Number S_rain_southffxRAIN "Rain sensor SOUTH [%s]" (gS_TRIGGER_ALL, gPersistent) // 0:dry; 1:rain
Switch HOME_AWAY "Away" <lock> (gS_TRIGGER_ALL, gPersistent) // ON:away; OFF:home

The rules taking care about persistence are really simple:

// reading persistence at startup
rule "RealStartup"
  when 
    Item LATE_STARTUP received command ON
  then
// skipped no persistence relevant code
    gPersistent.getMembers.forEach [p | 
      logInfo ("Persistence", "Persistence refreshing "+p.name+" in state "+p.state.toString())
      if ( p.state == NULL ) {
        try {
          persistence_lock.lock()
          PERSISTENCE_Args.sendCommand("-R -a "+p.name)
          PERSISTENCE.sendCommand(ON)
          while (PERSISTENCE.state == ON) {
            Thread::sleep (100)
          }
          Thread::sleep (1000)
          if ( PERSISTENCE_Out.state.toString.length > 0 ) {
            logInfo ("Persistence", "Persistence read for "+p.name+" as "+PERSISTENCE_Out.state+" ("+PERSISTENCE_Out.state.toString.length+")")
            postUpdate (p.name.toString, PERSISTENCE_Out.state.toString)
          }
          else {
            logInfo ("Persistence", "Persistence NOT read for "+p.name+" as "+PERSISTENCE_Out.state+" ("+PERSISTENCE_Out.state.toString.length+")")
          }
        } catch(Throwable t) { logInfo ("Rollershutter", "ERROR EXCEPTION IN Timer_expired") }
        finally {
            persistence_lock.unlock()
        } //finally
      }
    ]
    Thread::sleep (1000)
    running_persistence_read = 0
// skipped no persistence relevant code
end

// and writing persistence
rule "Write_Persistence"
  when
    Member of gPersistent changed
  then
    if ( running_persistence_read == 0 ) {
      try {
        logInfo ("Rollershutter", "Writing persistence for:" + triggeringItem.name)
        persistence_lock.lock()
        PERSISTENCE_Args.sendCommand("-W -a "+triggeringItem.name+" -v "+triggeringItem.state)
        PERSISTENCE.sendCommand(ON)
        while (PERSISTENCE.state == ON) {
          Thread::sleep (500)
        }
      } catch(Throwable t) { logInfo ("Rollershutter", "ERROR EXCEPTION IN write persistence") }
      finally {
          persistence_lock.unlock()
      } //finally
    }
end

Peter_Novotny · February 27, 2023, 11:36pm

It is vice versa, in the log

2023-02-26 21:21:18.596 [INFO ] [org.openhab.core.model.script.Light ] - Light changed input is 2.0/0

the 1st number 2.0 (in this case) is what openhab has calculated based on value received from sensor 0 via API

rlkoshak · February 27, 2023, 11:46pm

It has nothing to do with “primitive code.” I has to do with the fact that you’ve reimplemented something that comes with OH out of the box. I’m sure you had your reasons but I guarantee you’ve spent more time and effort creating and maintaining it than if you used what’s built into OH.

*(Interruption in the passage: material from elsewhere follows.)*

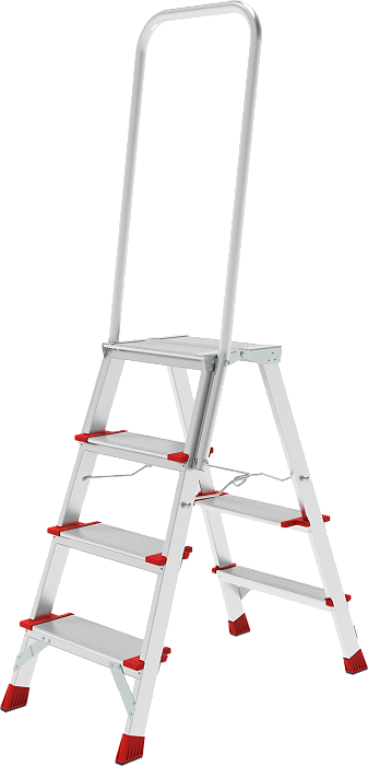 Высокопрочная стремянка с увеличенным радиусом работы и точкой опоры под рукой. Широкие ступени снижают утомляемость и повышает производительность. Чистота рук и рабочих поверхностей.

What raises the red flags are all the sleeps and locks. If this worked in OH 2, it was only a trick of timing and you were luck. You are lucky you didn’t starve out your rules after consuming all the rules threads while rules are sleeping (something that is impossible to do in OH 3 now that each rule gets it’s own thread).

By all appearances it worked only by accident in OH 2 and now you’ve moved to a different system with different timing, you are suffering from timing issues.

But :shrug. Still haven’t seen a single log from a startup.

And this rule is?

It is now and has always been the case that the value stored by the Item is the state it was updated to. There is no calculations that take place when an Item is updated. It gets a little thornier when dealing with UoM but even then, the units might get thrown away or converted. But OH never changes the state.

Note, if you called MyLightItem.postUpdate(2) and then immediately logged out MyLightItem.state the log is almost certainly going to be the old state of the Item, not the new state. Updates are processed asynchronously. If this worked before, again, it was a trick of timing. OH 3 executes rules more efficiently than OH 2, it now doesn’t take as long as it used to and your log is happening before the Item updates now. But again :shrug. You’ve not posted the rule. You’ve not posted relevant logs. I’m only guessing what could be happening here.

But all this is already too confusing. Let’s stick to one thing at a time. Do you want to address the startup behavior or the number behavior. Going after both at the same time will lead us nowhere.

If startup, post the full openhab.log of the startup sequence along with the corresponding events.log and any rules that throw errors.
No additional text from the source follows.